I raced one extensively and just switched over to a Trek XO -- allthough I never thought that the weight bothered me the Trek's lighter weight is an eyeopener, especially when going uphill over barricades or other run ups. Also the handling is significantly better, the Surly is slightly ponderous.

Having said that, the Surly suited me just fine and fit my budget at the time. I converted it to a ss and primarily ride it on dirt trails and on rainy days


----------



## dankilling (Aug 27, 2002)

I have one for my pit bike.

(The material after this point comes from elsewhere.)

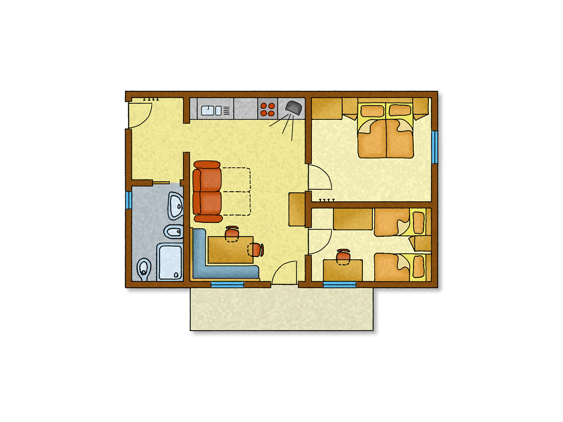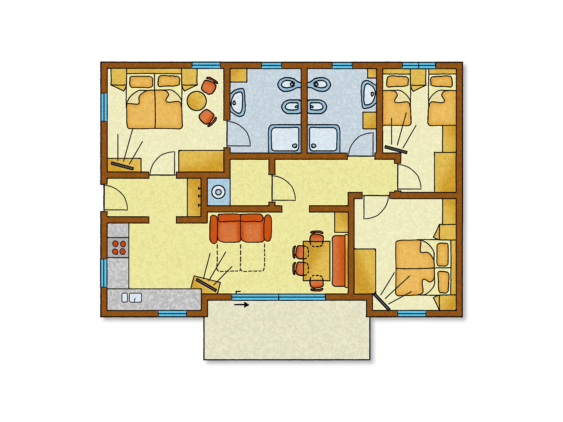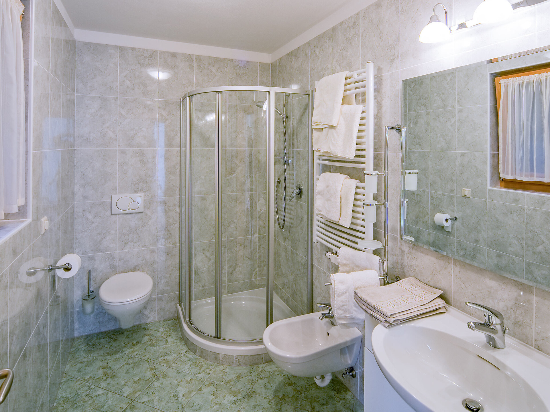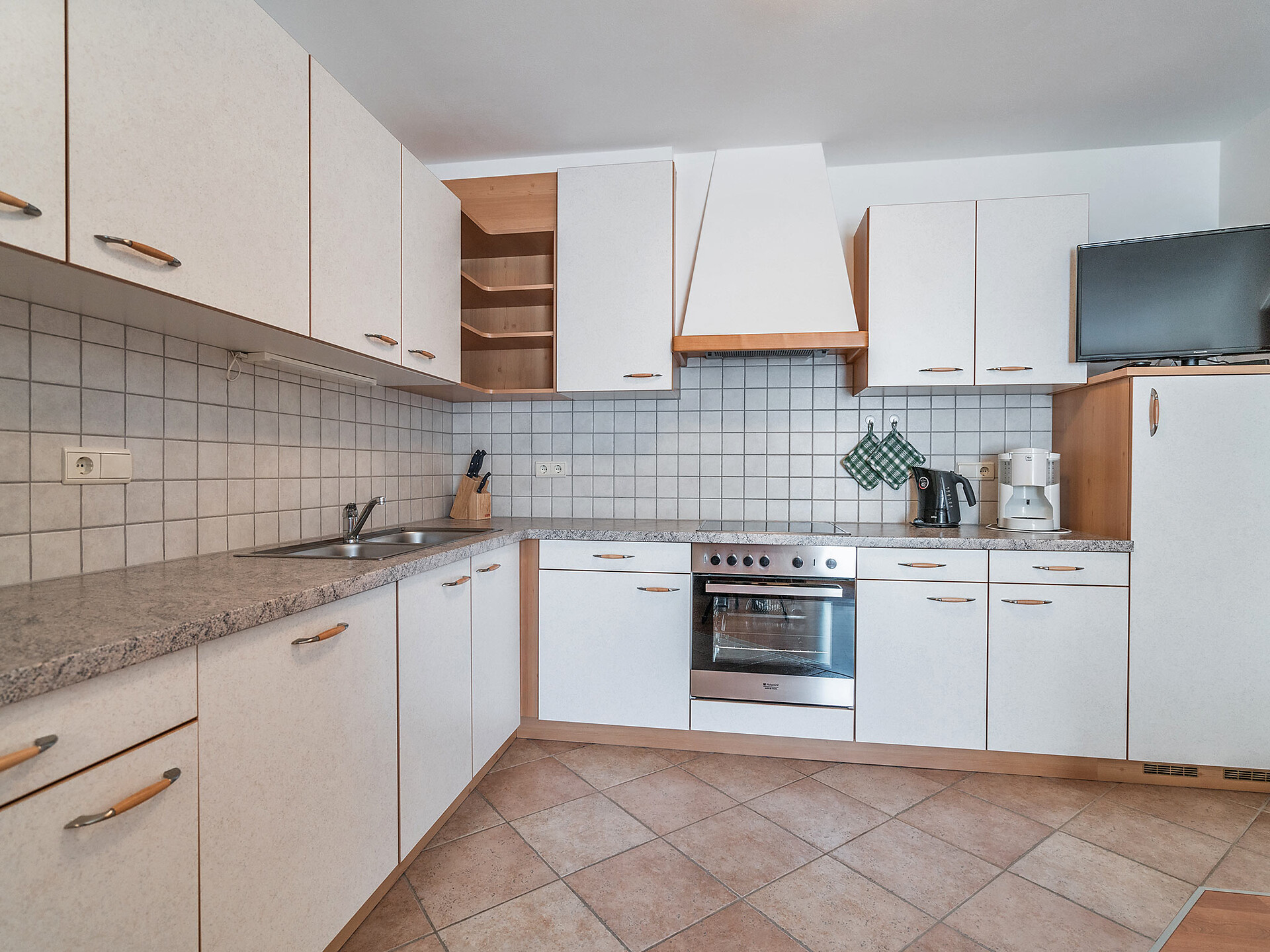 Double bed , Cot, Double sofa bed, Balcony, Garden , Bed linen provided, Eat-in kitchen, Coffee machine, Dishwasher, Electric cooker, Cutlery provided, Shower/Bath tub, Bidet, Towels, TV, Satellite/Cable, WLAN, Internet access, Final cleaning included, Main building, Panoramic view

Rides just fine, is bulletproof, and makes a great training bike when you upgrade.


----------



## pretender (Sep 18, 2007)

The weight of the frame is no secret, and arithmetic exists.


----------



## Keepthemdead (Oct 24, 2006)

1.I'm aware of the weight of the frame set , I can't spend alot ( or even peanuts really) so I really have to consider every detail ,3: I never hear of anyone racing them , 4: the bike shops(& used "scene") round here sucks.(Mtl,Qc). No shop here will sell me a frame for under a grand much less five hundred for some reason.
Just wanted to hear feedback and see what other people were doing in terms of configurations.


----------



## Chequama Mama (Sep 5, 2002)

I race a cross check as a mid-front packer cat 3 here in the midwest. I don't remember the exact weigh of it in full racing kit, but believe it was around 21.5 lbs with nothing stupid light. It was my lightest bike until I upgraded my road bike to record this year. 
Here's a rough build that produces that weight
SACHS ergo brifters
Salsa bell lap bar
bontrager rxl stem
cane creek 110 headset
shimano lx cantis
bontrager race crank (truvative elita)
salsa ring (40t) with crossing guard
chain watcher
time carbon XS pedals
Bontrager RXL seatpost
WTB sliverado saddle
campy veloce derrailuer
shimano xt 11-28 cassette
wheels: nuke proof hubs, campy montreal rims, 28 spokes with I believe 15/16 butted spokes
vittoria evo xg 32mm tires
Picture shows the bike in full on summer "monster cross mode". It weighs a fair bit more in the current dress due to heavier wheels, tires, cassette, and pedals.
I don't really feel held back by the bike. When I have good fitness, I race fast on it. When I don't have good fitness, I don't race fast on it. The "pedestrian" handling hasn't been very noticeable to me. Frankly, I really like the way the bike handles at speed. The weight is a bit noticeable when picking up/shouldering the bike for barriers and runups, but is totally serviceable for getting started in cross. The versatility of the bike is huge for me. I love being able to run huge tires in the spring/summer/fall and go exploring. I even do some singletrack on it, as one of my buddies has some really tight slow speed trails cut on his 40. The cross bike is perfect for them. I did manage to bend the fork last fall while doing some trail riding and messing up at the bottom of a gully. I straightened the fork and it has been fine. I'm thinking of getting one of the new fisher frames, mostly as it has even more tire clearance. I'm also eyeing up a chili con crosso as a race bike, but haven't been motivated enough to pull the trigger yet.
After much rambling, the bottom line: The cross check is a perfectly serviceable beginner to intermediate cross bike. You can build a nice bike that will get you through a few seasons. If you like cross a lot, you can get a nicer bike. If you don't love cross, the cross check will serve you well in some other capacity.


----------



## sawtooth (Mar 18, 2009)

Wendy Simms raced the heck out the cross check found here https://images.google.com/imgres?imgurl=https://www.surlybikes.com/blogimages/pinksimms.jpg&imgrefurl=https://www.surlybikes.com/2004_01_01_blog_archive.html&usg=__Vi1ib9Sctq-3MwVPLMSF5_oLmbo=&h=225&w=300&sz=17&hl=en&start=5&sig2=CDGd2aPMBsoY10fBg5xp4A&um=1&tbnid=SLIlAi3EBvdHgM:&tbnh=87&tbnw=116&prev=/images%3Fq%3Dwendy%2Bsimms%2Bsurly%26hl%3Den%26safe%3Dactive%26rlz%3D1T4GGLL_en%26sa%3DN%26um%3D1&ei=S-KBSsHNBuKrmQez65GnCw

I think she may have even won the canadian nationals on it.


----------



## carlosflanders (Nov 23, 2008)

I've seen the cross check raced plenty in the Rockies and the Midwest. The placing was always dependent on the rider, seen plenty of podiums in cat 4 and cat 3 from cross check riders.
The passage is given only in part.